Wood BOE approves $700K for Stadium Field renovations
PARKERSBURG – Noting that Parkersburg High’s Stadium Field is the only condemned school facility in the county, members of the Wood County Board of Education unanimously approved $700,000 to aid renovations and get the stadium open by the fall.
Close to 200 people – many wearing red in support of the PHS issue – attended Tuesday’s meeting as board members considered funding the multi-million dollar renovation project.
Joe Carrico with the PHS Stadium Committee addressed the board to outline its needs.
“We’re here to talk about a grand old lady. Through 90 years she needed a little more TLC,” he said. “Tonight, she needs a facelift.”
Carrico said the stadium committee wants to fix the home side bleachers in time for soccer and football season. The renovations will cost $1.3 million.
The stadium committee asked the board for permission to begin fundraising, explore the possibility of borrowing up to $400,000, obtain $40,000 in capital improvement funding and use $60,000 from the committee toward the project.
“The elephant in the room is how much we are asking from the board,” he said. The committee requested $700,000 from the board.
“We understand it is a financial strain, but it is needed to meet the aggressive schedule,” Carrico said.
Carrico said if the committee has a large donor come forward it may come back to discuss naming rights.
The board was unanimous in its vote, 4-0, to approve the funding. Board member Tad Wilson was absent.
Board member Jim Fox said the board had an “obligation” to do this.

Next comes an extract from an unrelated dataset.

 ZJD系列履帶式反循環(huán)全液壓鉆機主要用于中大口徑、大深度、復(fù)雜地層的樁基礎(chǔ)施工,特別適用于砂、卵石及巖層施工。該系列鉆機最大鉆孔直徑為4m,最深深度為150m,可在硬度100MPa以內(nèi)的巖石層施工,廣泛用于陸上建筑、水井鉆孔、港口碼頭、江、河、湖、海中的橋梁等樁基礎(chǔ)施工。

Six people spoke Tuesday, all relating to the athletic facility issues. Among those was Parkersburg High football player Chandler Hamilton, who delivered an impassioned plea for the board to provide funds. Hamilton cried several times during his presentation about his desire and need to use the field.

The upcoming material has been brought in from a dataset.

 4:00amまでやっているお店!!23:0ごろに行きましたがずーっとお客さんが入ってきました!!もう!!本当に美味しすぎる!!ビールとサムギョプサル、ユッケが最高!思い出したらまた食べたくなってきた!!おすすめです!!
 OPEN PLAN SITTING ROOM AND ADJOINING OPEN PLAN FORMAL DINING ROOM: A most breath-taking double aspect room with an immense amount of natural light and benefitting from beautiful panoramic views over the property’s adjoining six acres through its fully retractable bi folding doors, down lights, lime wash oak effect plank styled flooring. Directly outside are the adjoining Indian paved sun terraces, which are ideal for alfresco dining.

Afterward he received a hug from Fox and a standing ovation from the crowd. Hamilton closed his speech with a rally cry for students in front of board members.
Rick Bush, an alumnus from PHS and supporter of the Parkersburg South Erickson All-Sports facility, also addressed the board. He spoke in support of funding Stadium Field, but asked for funding for Erickson as well.
Bush requested $500,000: $100,000 for the new track around the field and approximately $400,000 for new bleachers at the Rod Oldham Athletic Center.
After listening to school system finance director Connie Roberts overview of the facilities needs and funds, Bush said there was “no reason PHS can’t leave with its money and South with its $700,000.”
Roberts said the school system is projecting a $4.9 million carryover for the upcoming fiscal year. That money includes the $2.8 million contingency funds as well as $200,000 in money needed for emergency repairs.
Roberts said the school system needs approximately $16 million is roof repairs- just roof repairs. If the money isn’t there at least $200,000 is needed for emergency repairs until enough is available to do repairs.
Bush also recommended school officials look at refinancing bonds, noting lower interest rates.
Board president Tim Yeater said after everyone is gone members need to look at the budget.
“The $700K didn’t just magically appear,” he said.
Wood County Schools Superintendent Pat Law said officials had an additional problem that no one was expecting, referring to PHS. He said the board had a difficult decision.
Board member Lawrence Hasbargen said the system was at a crossroads with regard to repairs. He pointed the finger at the state for its tendency to overlook athletic facilities.
“It is ridiculous to go down that road. The state should be helping us and they don’t do it. They kick it back to us,” he said.
“We allow someone to build something on our property and we aren’t taking care of it, shame on us,” Yeater said.
Fox, reading from a typed sheet of paper, made the motion to amend the agenda item to provide $700,000 in funding to the stadium. It was seconded by John Marlow.
Board members made no move on Bush’s request. Fox said if Erickson was closed, he would support funding to get it open again.
“We are in this together,” he said. “We need to do this as a community.”